Склон под ногами казался расплавленным стеклом. Калмыков поскользнулся, грохнулся подбородком, прикусил язык.
— Вперед! — кричал он лежа, чувствуя на языке кислую кровь.
Сверху забил пулемет, наполняя лучи прожекторов невидимыми свинцовыми трассами. Световоды, наполненные пулями, гнали смерть, и сразу двое кувыркнулись, пронзенные лучами, застыли на наледи, отбрасывая тени.
Это и была смерть. Она имела образ белых кипящих светил, излучавших бестелесное свечение. Мир перед смертью был огромным черно-белым негативом, засвечивался, выцветал, превращался в ровное слепое ничто.
Группа лежала на склоне, пропуская по спинам шары света, среди корявых мятущихся теней, бурунов снега и льда. Очереди срезали суки с мерзлых яблонь, осыпали лежащих солдат. И хотелось чревом зарыться в гору, уйти в корни яблонь, стать камнем, черепком, комком земли. Калмыков, без воли, с парализованным разумом, вывалив изо рта кровавый язык, не имел сил сплюнуть кислую липкую слюну. Понимал, что случилось несчастье.
Операция провалилась, подстанция продолжала питать энергосистему Дворца. Прожектора освещали окрестность. Танкисты отбили нападение, разворачивали пушки зарытых танков и сейчас начнут истреблять бэтээры. Зенитные позиции устояли, гвардейцы направили скорострельные установки на отступающую цепь, расстреливают ее в спину стальными сердечниками.

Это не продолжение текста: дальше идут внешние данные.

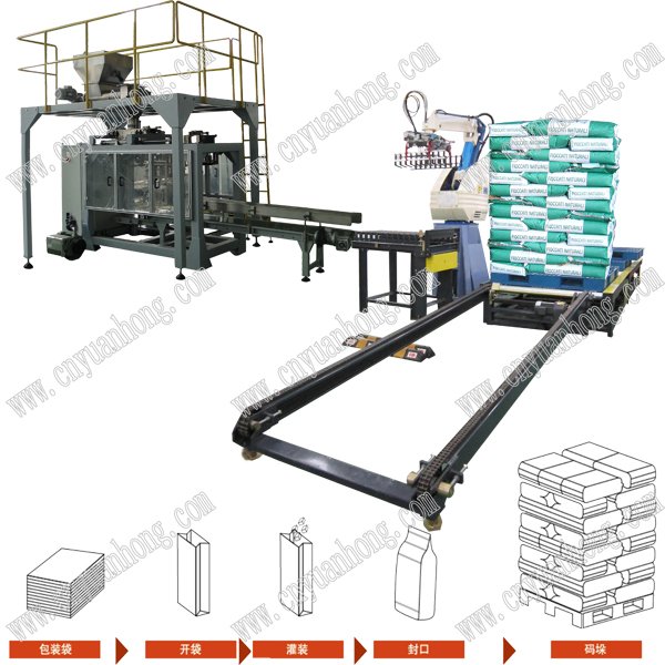 刚玉质耐火材料全自动包装码垛线机组具有自动称量、自动上袋、自动填充、自动送包、自动封口等功能。

Ужас был неодолим. Мозг был высвечен, ослеплен на последней остановившейся мысли: это конец, смерть. Он умирает на открытой горе в чужой стране, и никто из близких в эту минуту не знает, что он погибает на ледяной горе.
— Ну что же ты, хрен тебе в рот! — Татьянушкин, тряся автоматом, навис над ним. — Поднимай людей, твою мать!..
Этот крик, унижающий его, обличающий в трусости и бессилии, вернул ему разум. В голове, в белой металлической пустоте возникла темная живая мысль: «Встать!.. Не сметь!.. Мать твою!..» Он оскорблял себя и этим оскорблением нащупывал в себе опору, не разрушенную страхом. Опирался на этот уступ, отрывался от склона, успевая заметить шершавый ствол яблони с линялой повязанной тряпкой, слюдянистый снег с отпечатком собачьего следа. Повторял себе самому: «Не сметь!.. Мать твою!.. — И кому-то невидимому в небесах: — Спаси!.. Не убей!..»
Калмыков поднялся, чувствуя удары прожекторов, отворачиваясь от них к лежащей группе, крикнул косноязычно:
— Вперед!.. За мной!..
Боком, поскальзываясь, чувствуя ребрами вольтовы дуги прожекторов, стреляющие раструбы пулеметов, пошел в гору. Солдаты поднимались, толкали на лед штурмовые лестницы, карабкались, с криком, пробитые пулями, срывались к подножию.
Он почувствовал, как кто-то рванул его за рукав, дернул за запястье. Оглянулся — никого. Пустое запястье. Пуля сорвала часы, подарок Валеха, оставила на запястье рубец от браслета.
— За мной!.. Не отставать!..
«Не убей!.. Сохрани!..»
Он достиг парапета бетонной, окружавшей Дворец балюстрады. Схватился за край. Рывком вознесся на обледенелые перила. Видел слева от себя Татьянушкина, длинного, перемахивающего перила. Справа — прапорщика, усатое, с открытым ртом лицо. На этом лице что-то лопнуло, взорвалось, словно сдернули с головы приклеенную маску, и прапорщик с расплющенным лицом упал назад на склон, исчезая в металлической белизне. Татьянушкин кувыркнулся вперед с парапета, откатился в сторону, освобождая место для хлестнувшей очереди.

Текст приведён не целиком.